The killing of Moammar Gadhafi on Thursday should be seen as more than just a death. It also creates another cradle for democracy. How that democracy grows from its birth in Libya will be determined in part by the country’s interim National Transitional Council, but also by the continued diplomatic assistance of the United States, Britain and France. As leaders of the NATO coalition that supported Gadhafi’s demise, these three nations must remain vigilant against any climb to power by extremist forces.
The most dramatic transformation in centuries is rocking the Arab world. This is a momentous opportunity that, if squandered, could collapse into the free world’s failure to help oppressed people liberate and govern themselves.
As in all aspects of American government, spending overseas can and should be reduced during this extended economic crisis. But the evolving and increasing fragility of governments in northern Africa and western Asia demand steadfast guard against the rise of any rogue regimes. This means more than just protecting the interests of the U.S., Britain and France. It also means nurturing the people of the Middle East beyond their respective cradles. Relentless demonstrations in virtually every nation of that region prove the people want democracy. They deserve it.
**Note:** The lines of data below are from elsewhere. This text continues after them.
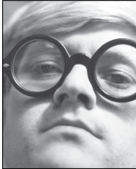
HOCKNEY, March 26, 28

From the shipbuilding banks of the Clyde to the highlands and the Hebrides, there is nary a tartan-tinged cliché in this haunting portrait of Scotland's twentieth century, composed entirely of archival footage from Scottish film archives. No dialogue; music by King Creosote. (BS)
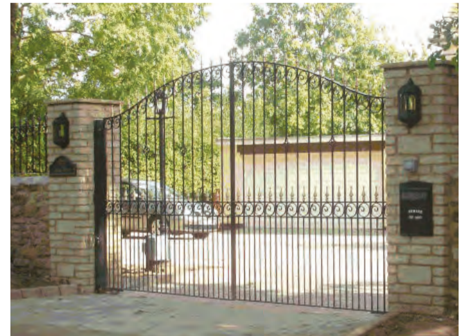
Regent Street Wrought Iron Works
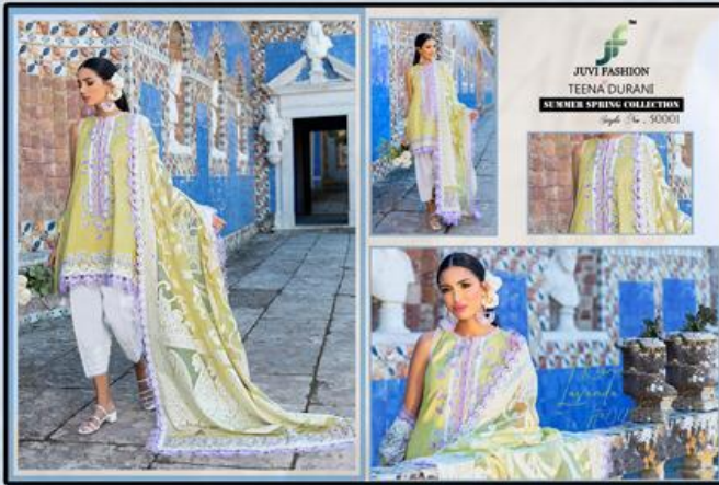
Style No . 50001

By the same token, though, perhaps ultimately the U.S. could extract commitments from these infant democracies that enhance or even supplant the commitment of American taxpayers. We remember thinking Iraq would reimburse us with oil. Somehow, we don’t think any invoices to them, if sent, were ever paid. At least not yet. We also remember that Libya is one of the richest oil producers in the Arab world.
Notice how it took less than half a day Thursday for NATO leaders to announce they would immediately begin planning an end to the airstrike support of Libyan rebels. Such a sudden military shift is not always possible, but in this case, the swiftness with which it could unfold is encouraging and commendable. Part of that praise is due President Obama, who early on announced that the U.S. would support replacing the tyrant Gadhafi, but in no way should be viewed as the lone avenger. As bad as things turned out for Gadhafi, they could not have turned out much better for Obama. The U.S. helped overthrow the dictator at no small financial cost to Americans, but without the loss of a single American life.
With the May 2 killing of Osama bin Laden by U.S. Navy SEALs in Pakistan, and then the Sept. 30 killing of terrorist leader Anwar al-Awlaki by a U.S. drone strike in Yemen, Obama has upheld the American commitment to continue fighting evil around the world. The stature of the United States is strengthened by these advancements in foreign affairs.
Life in Libya today is clumsy, but it’s a lot more worth living than yesterday. Can the brightness last? After all, tyranny swoops into every available vacuum. Three vacuums already exist in northern Africa. More are developing to the east and northeast. America’s dual obligations to the people of the Middle East must be clearly and repeatedly declared: First, we will help you find freedom. Second, and long-term, your freedom will slowly nudge the U.S. out of your everyday lives.
That’s how liberty works. No nation is better qualified — or should be more willing — to ignite freedom’s flame than the United States.